837.513/58: Telegram

The Secretary of State to the Ambassador in Cuba ( Crowder )

57. Your 47, July 11, 5 p.m.

The Under Secretary of State handed the following Aide-Memoire to the Cuban Chargé this afternoon who promised to telegraph it to his Government this evening:

“The Department of State recently received a report to the effect that the Cuban House of Representatives on the evening of July 10, passed a bill previously passed by the Senate reorganizing the national lottery on the basis of 2000 colecturias instead of the 961 now existing, and furthermore authorizing the sale of the tickets at whatever price they would command. The Department’s information indicated that great secrecy was observed regarding this bill, the terms of which are reported to be as stated above, although the Department has not yet received a copy thereof. The Department hopes that the information which it has received is incorrect, and that no such measure, which would inevitably result in the breakdown of the moralization program, is under contemplation by the Cuban Government.
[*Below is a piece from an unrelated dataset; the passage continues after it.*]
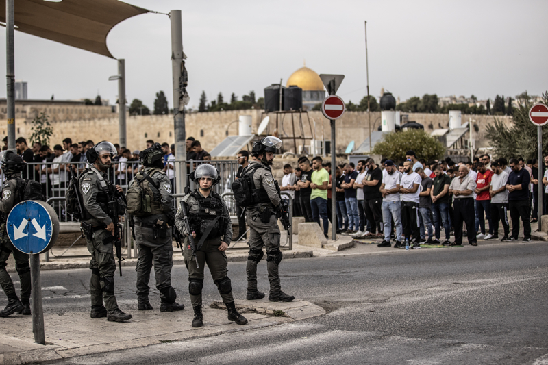Mescid-i Aksa'nın kapılarında bekleyen İsrail polisleri cuma namazı kılmak isteyen ancak içeri alınmayan Filistinlilere zaman zaman müdahale ederek güç kullandı.

In this connection the Department begs to refer to a letter written on April 30, 1921, to General Crowder by President Zayas,10 some [Page 845] three weeks before the latter assumed the high office he now occupies, in which he stated that the national lottery ‘should be the object of modification, as regards the sale of the tickets, so as to avoid having their legal price altered, and having this transaction be the means of undue profit to persons mediating between the Government and the venders.’ On April 28, 1921,11 President Zayas assured General Crowder that he would, within a period of five months, make sweeping reforms in the national lottery, particularly in the colecturia system.

This Government has been gratified at the assurances several times received from President Zayas that he will completely carry out the moralization program outlined by Ambassador Crowder. The United States Government is confident, therefore, that President Zayas will not support a bill such as the one reported above which, if enacted into law, would undo the work already accomplished in the lottery reform and would render impossible the effective carrying out of the moralization program, of which the lottery reform is one of the principal features, in the interest of the fundamental conditions of Cuban stability and prosperity.”

Hughes
  1. Not printed.
  2. See General Crowder’s telegram no. 66 of the same date, Foreign Relations, 1921, vol. i, p. 692.